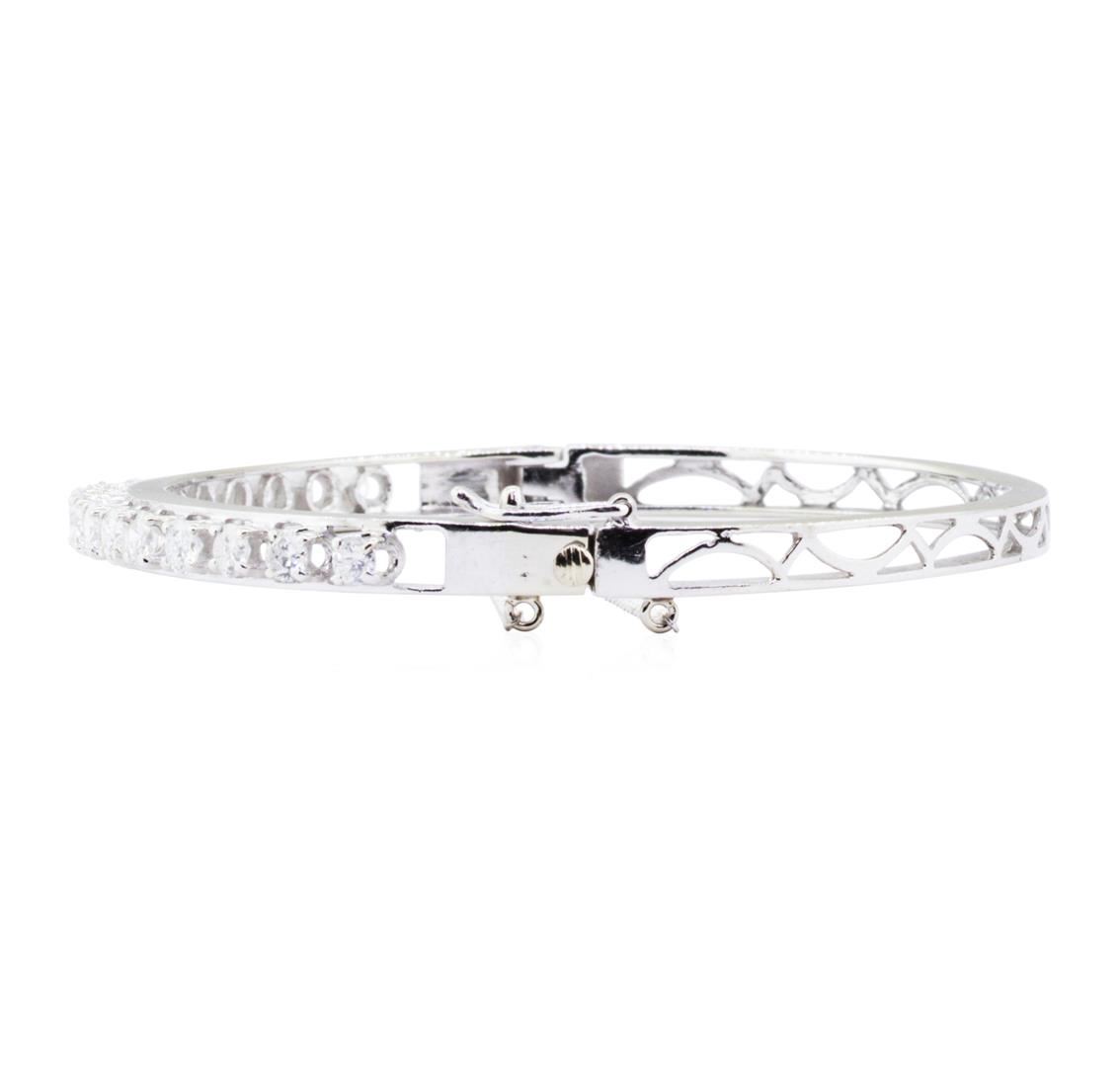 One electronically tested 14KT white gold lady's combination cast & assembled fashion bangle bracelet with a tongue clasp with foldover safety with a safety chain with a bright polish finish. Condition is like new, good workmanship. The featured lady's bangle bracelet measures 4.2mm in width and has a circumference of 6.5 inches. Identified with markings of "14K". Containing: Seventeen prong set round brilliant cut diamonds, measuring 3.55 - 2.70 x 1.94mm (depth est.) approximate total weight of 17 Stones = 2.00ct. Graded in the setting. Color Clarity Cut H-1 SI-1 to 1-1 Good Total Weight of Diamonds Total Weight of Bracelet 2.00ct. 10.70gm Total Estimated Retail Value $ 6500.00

--

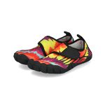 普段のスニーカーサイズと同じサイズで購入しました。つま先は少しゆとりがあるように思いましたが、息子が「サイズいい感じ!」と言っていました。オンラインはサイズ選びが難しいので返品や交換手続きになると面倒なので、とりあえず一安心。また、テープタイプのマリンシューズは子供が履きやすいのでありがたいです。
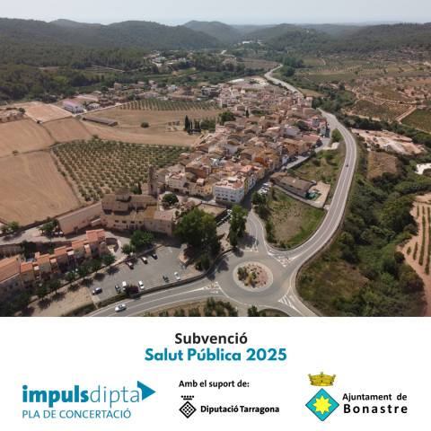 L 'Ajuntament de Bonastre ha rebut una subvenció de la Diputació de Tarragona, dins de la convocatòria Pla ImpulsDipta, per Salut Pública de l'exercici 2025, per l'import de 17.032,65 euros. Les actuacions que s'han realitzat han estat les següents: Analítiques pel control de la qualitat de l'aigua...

- WHAT YOU NEED TO DO: In the data above, retype only the stretch from the line with "普段のスニーカーサイズと同じ" through the line with "L 'Ajuntament de", word for word, and skip any pictures.

- EXERCISE ANSWER:
 普段のスニーカーサイズと同じサイズで購入しました。つま先は少しゆとりがあるように思いましたが、息子が「サイズいい感じ!」と言っていました。オンラインはサイズ選びが難しいので返品や交換手続きになると面倒なので、とりあえず一安心。また、テープタイプのマリンシューズは子供が履きやすいのでありがたいです。
 L 'Ajuntament de Bonastre ha rebut una subvenció de la Diputació de Tarragona, dins de la convocatòria Pla ImpulsDipta, per Salut Pública de l'exercici 2025, per l'import de 17.032,65 euros. Les actuacions que s'han realitzat han estat les següents: Analítiques pel control de la qualitat de l'aigua...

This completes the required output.